[Records supplied Boundary: Start]
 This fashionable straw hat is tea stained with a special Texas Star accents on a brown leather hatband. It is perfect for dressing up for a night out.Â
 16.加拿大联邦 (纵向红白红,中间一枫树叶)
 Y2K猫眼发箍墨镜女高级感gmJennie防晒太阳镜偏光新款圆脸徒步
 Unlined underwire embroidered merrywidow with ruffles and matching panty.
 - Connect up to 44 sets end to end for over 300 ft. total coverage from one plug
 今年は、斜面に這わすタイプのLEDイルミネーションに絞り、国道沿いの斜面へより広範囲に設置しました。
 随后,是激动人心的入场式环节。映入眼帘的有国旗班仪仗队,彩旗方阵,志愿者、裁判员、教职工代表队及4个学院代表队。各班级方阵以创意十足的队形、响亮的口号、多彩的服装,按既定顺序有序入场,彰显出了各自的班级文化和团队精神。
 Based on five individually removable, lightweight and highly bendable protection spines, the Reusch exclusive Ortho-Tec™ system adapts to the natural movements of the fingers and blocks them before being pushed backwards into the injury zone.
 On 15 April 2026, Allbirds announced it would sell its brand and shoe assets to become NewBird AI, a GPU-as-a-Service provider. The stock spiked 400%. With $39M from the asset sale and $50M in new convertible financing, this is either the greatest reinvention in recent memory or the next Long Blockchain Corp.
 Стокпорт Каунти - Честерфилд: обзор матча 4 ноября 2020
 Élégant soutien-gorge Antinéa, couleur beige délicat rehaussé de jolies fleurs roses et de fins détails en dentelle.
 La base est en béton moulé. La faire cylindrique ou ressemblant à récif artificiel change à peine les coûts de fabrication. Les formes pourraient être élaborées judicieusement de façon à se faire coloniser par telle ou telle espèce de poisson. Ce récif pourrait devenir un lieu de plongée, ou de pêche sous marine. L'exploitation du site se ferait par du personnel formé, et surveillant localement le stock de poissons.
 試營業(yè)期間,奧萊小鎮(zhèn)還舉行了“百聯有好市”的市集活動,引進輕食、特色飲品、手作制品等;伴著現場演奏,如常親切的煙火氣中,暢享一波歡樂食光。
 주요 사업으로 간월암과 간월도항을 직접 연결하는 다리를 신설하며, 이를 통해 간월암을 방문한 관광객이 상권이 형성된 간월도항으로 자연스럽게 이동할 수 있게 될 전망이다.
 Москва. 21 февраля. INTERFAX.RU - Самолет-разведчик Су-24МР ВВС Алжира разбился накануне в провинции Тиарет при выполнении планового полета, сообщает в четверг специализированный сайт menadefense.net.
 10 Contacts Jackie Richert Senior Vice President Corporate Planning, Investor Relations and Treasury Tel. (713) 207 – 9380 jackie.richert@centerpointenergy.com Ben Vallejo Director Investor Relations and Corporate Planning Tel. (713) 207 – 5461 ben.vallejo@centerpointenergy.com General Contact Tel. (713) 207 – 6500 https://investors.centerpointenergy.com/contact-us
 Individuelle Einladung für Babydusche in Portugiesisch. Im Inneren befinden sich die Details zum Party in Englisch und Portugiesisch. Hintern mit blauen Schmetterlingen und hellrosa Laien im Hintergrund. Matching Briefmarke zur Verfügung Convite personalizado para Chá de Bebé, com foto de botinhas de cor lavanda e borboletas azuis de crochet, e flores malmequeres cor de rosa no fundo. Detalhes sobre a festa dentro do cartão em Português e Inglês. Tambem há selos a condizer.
[Records supplied Boundary: End]
— Problem —
Please transcribe, exactly and with nothing added, the lines from the first line of the material above through the line that contains "今年は、斜面に這わすタイプの".

— Result below —
 This fashionable straw hat is tea stained with a special Texas Star accents on a brown leather hatband. It is perfect for dressing up for a night out.Â
 16.加拿大联邦 (纵向红白红,中间一枫树叶)
 Y2K猫眼发箍墨镜女高级感gmJennie防晒太阳镜偏光新款圆脸徒步
 Unlined underwire embroidered merrywidow with ruffles and matching panty.
 - Connect up to 44 sets end to end for over 300 ft. total coverage from one plug
 今年は、斜面に這わすタイプのLEDイルミネーションに絞り、国道沿いの斜面へより広範囲に設置しました。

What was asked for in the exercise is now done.